- Born: June 27, 1961 Chattanooga, Tennessee, U.S.
- Died: May 1, 2025 (aged 63) Cincinnati, Ohio, U.S.
- Area: Penciller, Inker
- Pseudonym: Butch Guice
- Notable works: Action Comics The Flash Micronauts Ruse Apocalypse
- Awards: Inkpot Award (2015)

= Jackson Guice =

American artist (1961–2025)

Jackson "Butch" Guice (June 27, 1961 – May 1, 2025) was an American comics artist who worked in the comics industry beginning in the 1980s. He drew Micronauts, Swords of the Swashbucklers, X-Factor, The New Mutants, and Iron Man for Marvel Comics.

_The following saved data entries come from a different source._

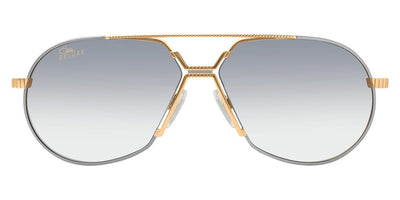 This square Cazal sunglass comes in a black and silver frame with green gradient lenses.
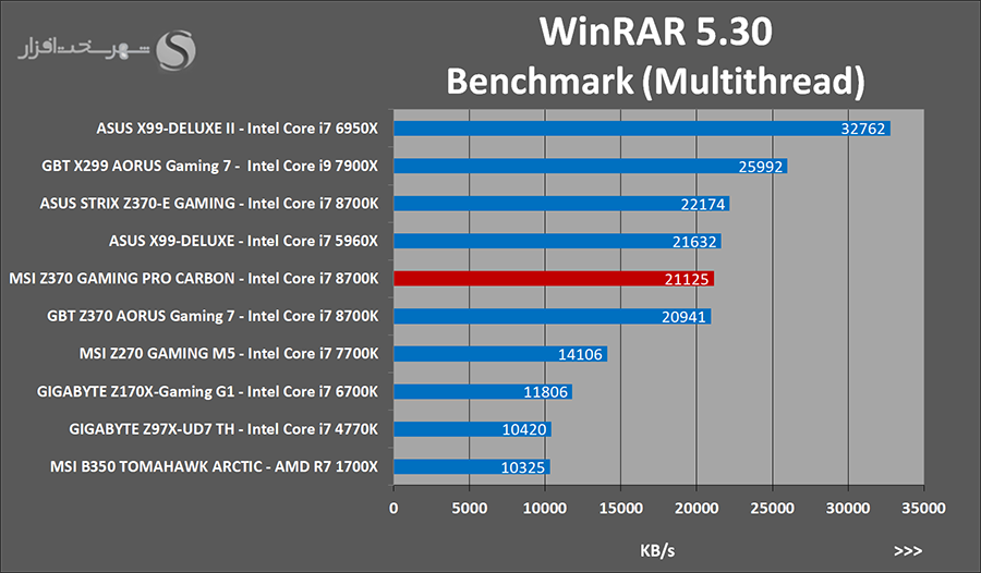 فرآیند Zip و یا Unzip کردن اطلاعات همیشه جزو یکی از کاربردیترین و در عین حال معمولترین کارهایی است که استفاده کنندگان از کامپیوترهای شخصی در طول روز با آن سر و کار دارند. از جمله معروفترین و شناخته شده ترین نرمافزارهای این امر WinRAR و 7-Zip هست که همواره خود را همگام با ارائه آخرین فنّاوریهای سختافزاری بروز نگاه میدارد تا بهترین کارایی ممکن را از خود ارائه دهد. این نرم افزارها دارای یک بخش Benchmark Tool مستقل میباشند که نتایج به دست آمده در این قسمت در نمودارهای زیر درج شده است.
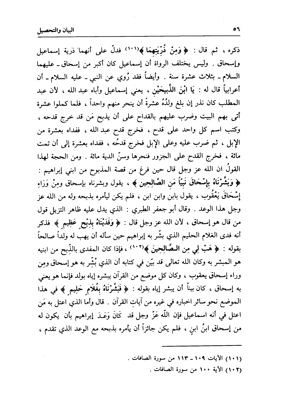 ذكره، ثم قال: {وَمِنْ ذُرِّيَّتِهِمَا} [الصافات: 113] فدل على أنهما ذرية إسماعيل وإسحاق. وليس يختلف الرواة أن إسماعيل كان أكبر من إسحاق - عَلَيْهِمَا السَّلَامُ - بثلاث عشرة سنة. وأيضا فقد روي عن النبي - عَلَيْهِ السَّلَامُ - «أن أعرابيا قال له: يا ابن الذبيحين» يعني إسماعيل وأباه عبد الله، لأن عبد المطلب كان نذر إن بلغ ولده عشرة أن ينحر منهم واحدا، فلما كملوا عشرة أتى بهم البيت وضرب عليهم بالقداح على أن يذبح من قد خرج قدحه، وكتب اسم كل واحد على قدح، فخرج قدح عبد الله، ففداه بعشرة من الإبل، ثم ضرب عليه وعلى الإبل فخرج قدحه، ففداه بعشرة إلى أن تمت مائة، فخرج القدح على الجزور فنحرها وسن الدية مائة. ومن الحجة لهذا القول أن الله عز وجل قال حين فرغ من قصة المذبوح من ابني إبراهيم: {وَبَشَّرْنَاهُ بِإِسْحَاقَ نَبِيًّا مِنَ الصَّالِحِينَ} [الصافات: 112] ، يقول: {فَبَشَّرْنَاهَا بِإِسْحَاقَ وَمِنْ وَرَاءِ إِسْحَاقَ يَعْقُوبَ} [هود: 71] يقول بابن وابن ابن، فلم يكن ليأمره بذبحه وله من الله عز وجل هذا الوعد. وقال أبو جعفر الطبري: الذي يدل عليه ظاهر التنزيل قول من قال هو إسحاق، لأن الله عز وجل قال: {وَفَدَيْنَاهُ بِذِبْحٍ عَظِيمٍ} [الصافات: 107] فذكر أنه فدى الغلام الحليم الذي بشر به إبراهيم حين سأله أن يهب له ولدا صالحا بقوله: {هَبْ لِي مِنَ الصَّالِحِينَ} [الصافات: 100] ، فإذا كان المفدى بالذبح من ابنيه هو المبشر به وكان الله تعالى قد بين في كتابه أن الذي بشر به هو إسحاق ومن وراء إسحاق يعقوب، وكان كل موضع من القرآن يبشره إياه بولد فإنما هو يعني به إسحاق، كان بينا أن يبشر إياه بقوله: {فَبَشَّرْنَاهُ بِغُلامٍ حَلِيمٍ} [الصافات: 101] في هذا الموضع نحو سائر أخباره في غيره من آيات القرآن. قال: وأما الذي اعتل به من اعتل في أنه إسماعيل فإن الله عز وجل قد كان وعد إبراهيم بأن يكون له من إسحاق ابن ابن، فلم يكن جائزا أن يأمره بذبحه مع الوعد الذي تقدم،
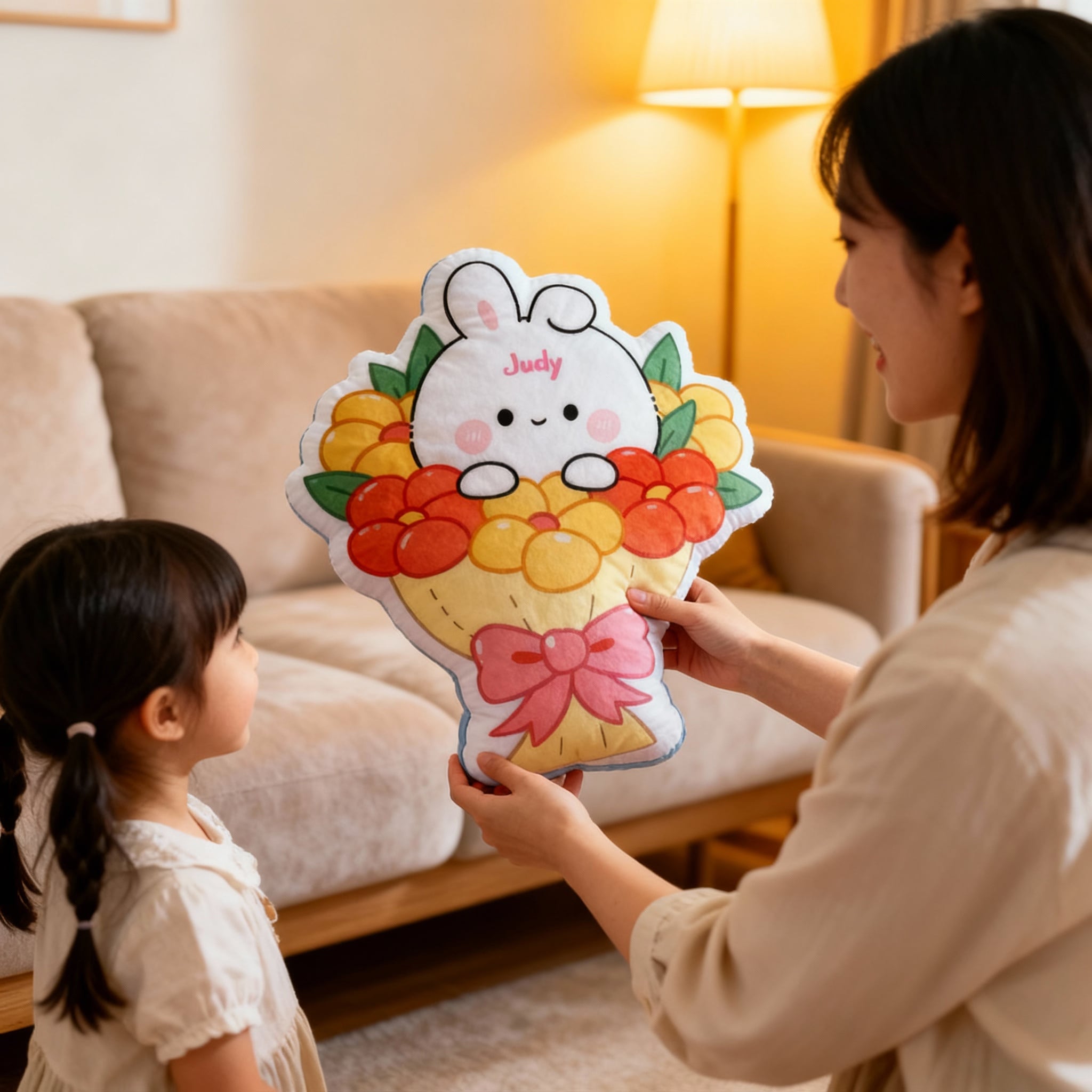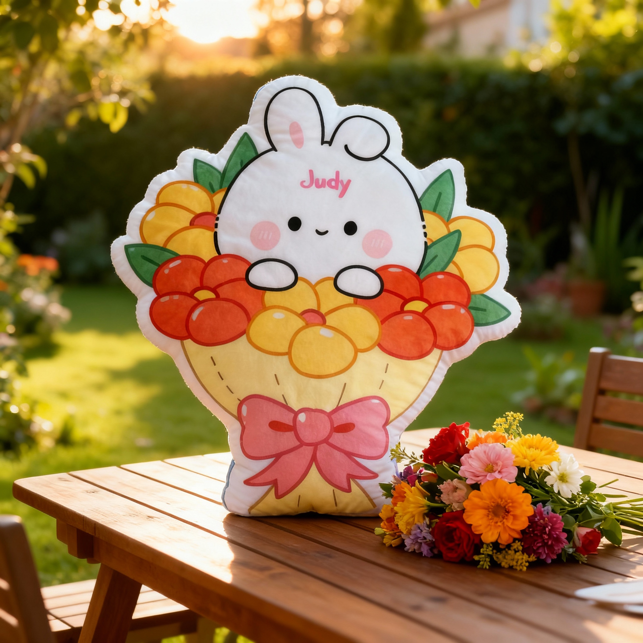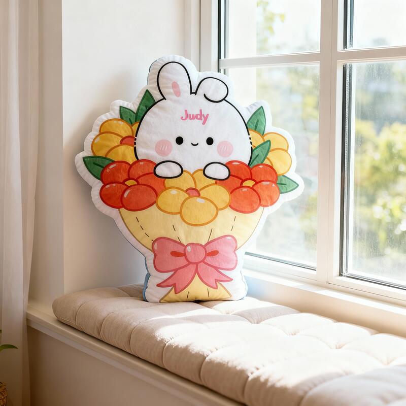 Personalized Bunny Bouquet Pillow with Customizable Name Cute Gift for Pet Lovers
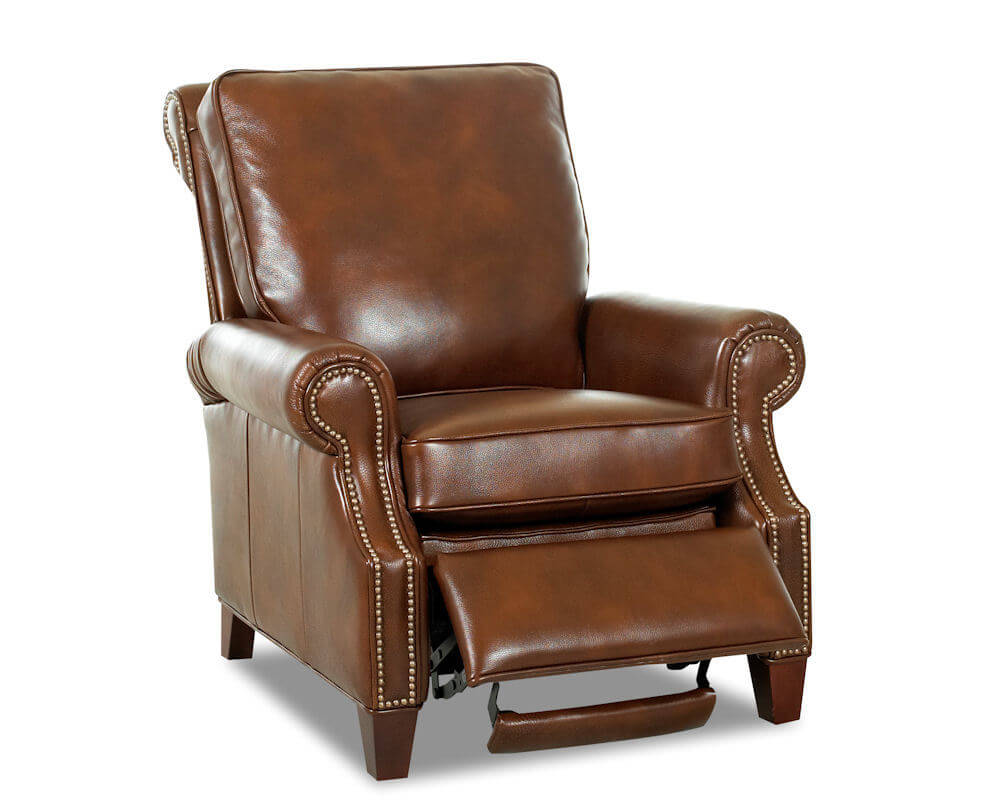 The Adams leather recliner is rated one of America’s best leather recliners in terms of comfort, quality and durability. The design has clean traditional lines. The large back cushion provides support and comfort. The comfortable seat cushion is a blend of waterfowl down feathers plus synthetic down like fibers inserted into a channeled wrap that surrounds the high density and high resiliency foam core. This seat cushion provides years of support and comfort. The same seat cushion is also available without down feathers for those who want a cushion to hold its shape better. This leather recliner includes a loose seat cushion and an attached back. Optional contrasting leather welt is also available to make this chair uniquely yours. When reclined, the fold out ottoman includes a hidden extension that provides added ankle and foot support, especially for the taller person. The arms on the recliner have a traditional rolled style with a recessed sculpted front face. The individually hand applied nail trim comes in your choice of nail head colors to compliment your leather selection. The hardwood legs are finished in a nice Mahogany or Merlot color. To activate the leather recliner simply press back on the arm rests. This leather recliner provides comfortable reclining positions. An optional power assist reclining mechanism is available with or without a rechargeable battery back up. Personalize your recliner with your choice of leather color as there are 120 leather color choices, all are top grain premium select leather cow hides. These selections, features and benefits make the Adams recliner one of the best leather recliners in America.
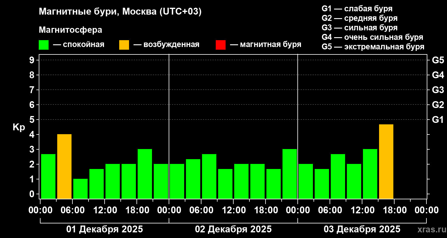 Магнитные бури в Москве 3 декабря 2025 года

His work for DC Comics included "The Death of Superman" storyline as well as the co-creation of the Resurrection Man with writers Andy Lanning and Dan Abnett.

==Life and career==
Guice was born in Chattanooga, Tennessee, on June 27, 1961. Growing up in the 1960s, Guice was fond of "the legendary stop-motion animator and filmmaker" Ray Harryhausen, whose influence can be seen in some of Guice's work, most notably the Humanoids project Olympus.

===1980s===
Guice began his career with fanzine work and "designing patches and emblems for a small company in North Carolina." His first credited comics work was penciling and inking the independently published The Crusaders #1 (November 1982), although he had previously ghosted for Pat Broderick on Rom Annual #1 (1982). On the strength of his fanzine work, (and, Guice believes, at the behest of Rom writer Bill Mantlo) Marvel editor Al Milgrom offered him a tryout on the toy-spin-off title Micronauts. Referring to Rom Annual #1 and Micronauts #48 (Dec. 1982), he remarked that "[b]oth were breaking points for me getting into comics".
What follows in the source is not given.